E isso pode ser também dito pela analogia que a nossa personagem faz, ao dizer que encenar Racine ou encenar uma masturbação ao vivo é a mesma coisa, tem o mesmo sentido. Nada mais faz sentido a partir do princípio de identidade e diferença, essencial para sabermos opinar, decidir, julgar. Tudo é, ao fim, o mesmo. No panorama de suas duas relações, temos, de um lado, a angústia da falta na experiência com um companheiro que lhe entregava o vazio, e, do outro, a angústia da falta da falta, na experiência do companheiro que lhe entregava tudo. Assim, a angústia, a recusa e o tédio diante do mesmo lhe chega como cenário de vida em todos os setores. Caímos, ao mesmo tempo aqui, naquele velho dilema psicanalítico, acrescido talvez pela pergunta que Freud jamais conseguiu responder, e, claro, carregado de incompreensões clássicas geradas no homem em relação a mulher: "o que quer a mulher?".

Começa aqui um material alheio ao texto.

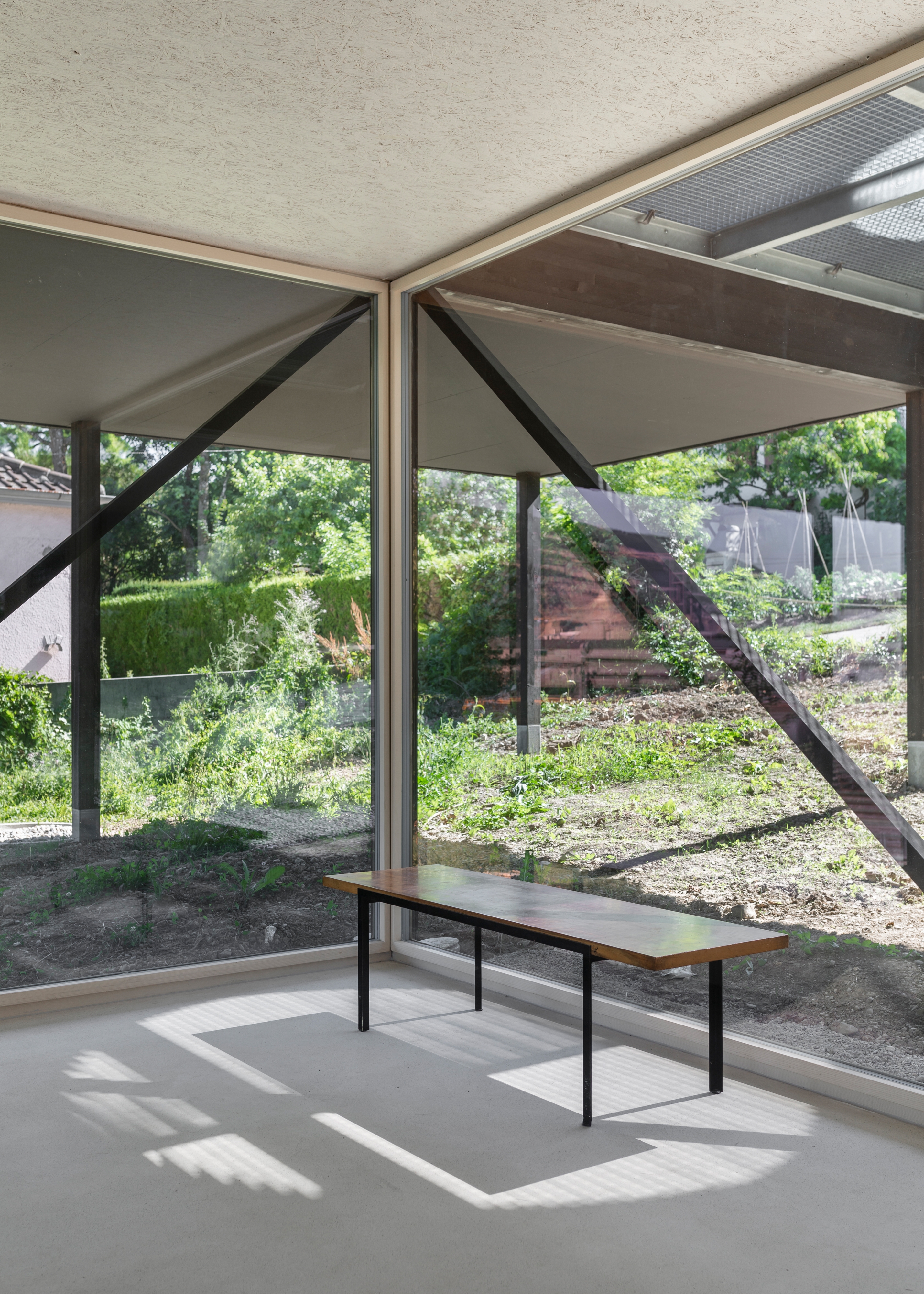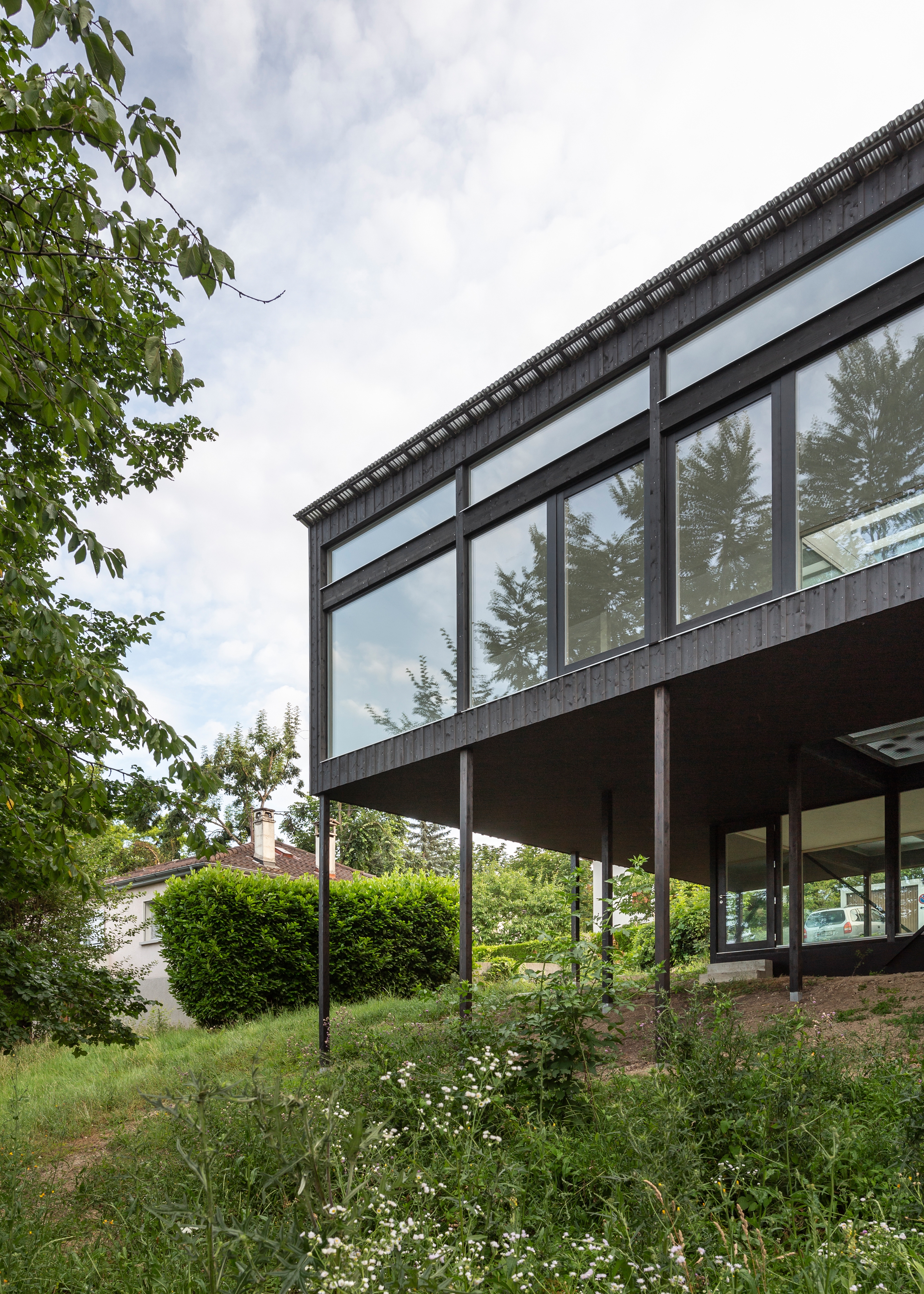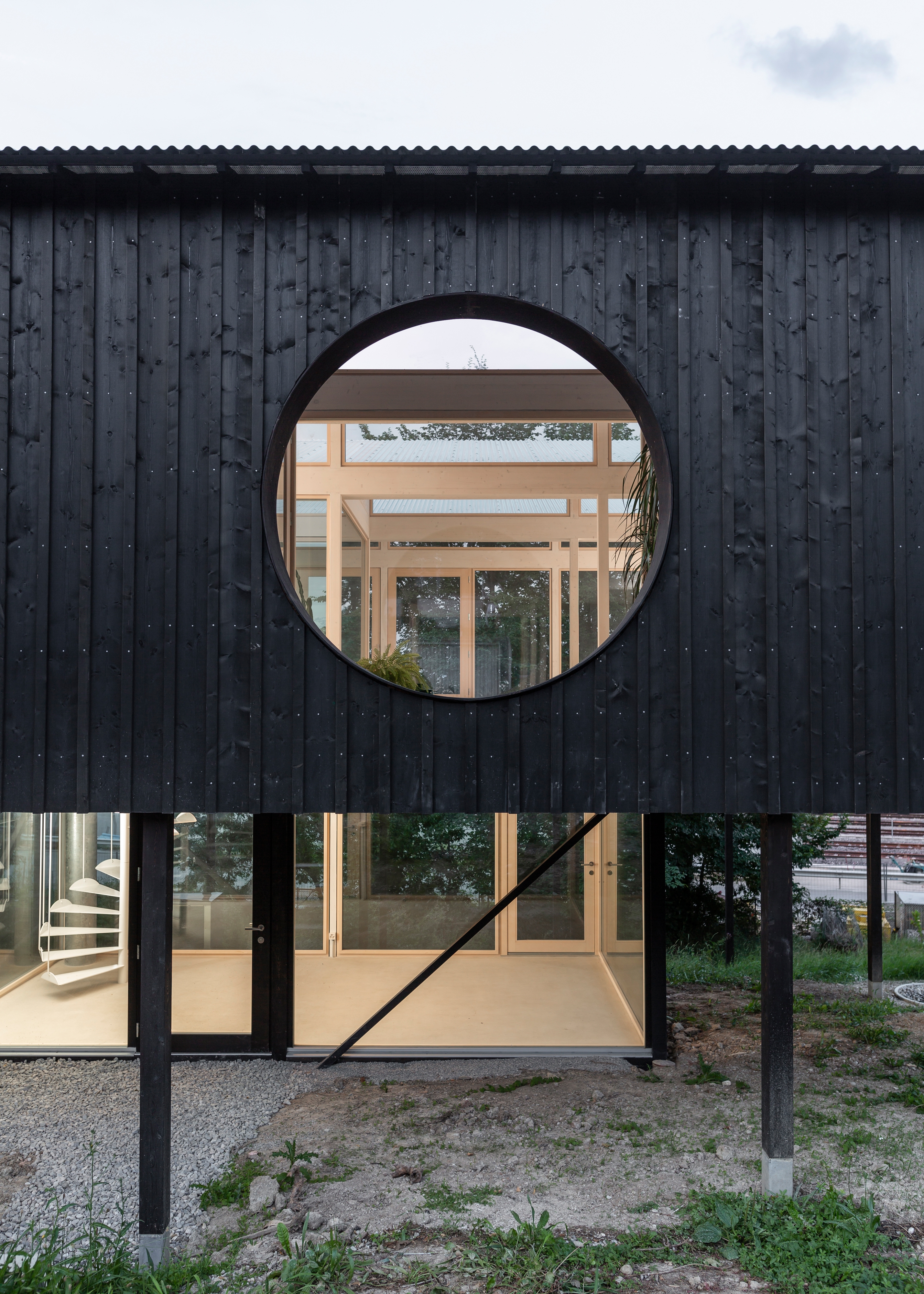 Achieving high insulation values and maximising solar gain, a small heat pump allows to avoid the use of fossil fuels. Assembled in a few days by local carpenters, the small house proposes an alternative to the archetype of swiss concrete houses often lying on heavy foundations.

Com claros detalhes típicos da Nouvelle Vague, o filme não traz algo tão novo ao expor uma relação entre "um homem e uma mulher" e seus percalços em tons psicologistas (lembremos de Acossado, Une femme est une Femme e Pierre le feau de Godard). Mas o filme de Tanner tem, ao contrário, um espírito muito mais melancólico. Também não se permite ser uma "ode" ao mesmo tempo alegre à relação de dependência versus independência entre um homem e a mulher, como há nos filmes de Godard. E é antes uma exposição angustiante no sentido existencial do termo, naquele sentido de que é aí, na angústia, onde se realiza a dolorosa reflexão existencial que estabiliza a ponto de fazer tudo parar.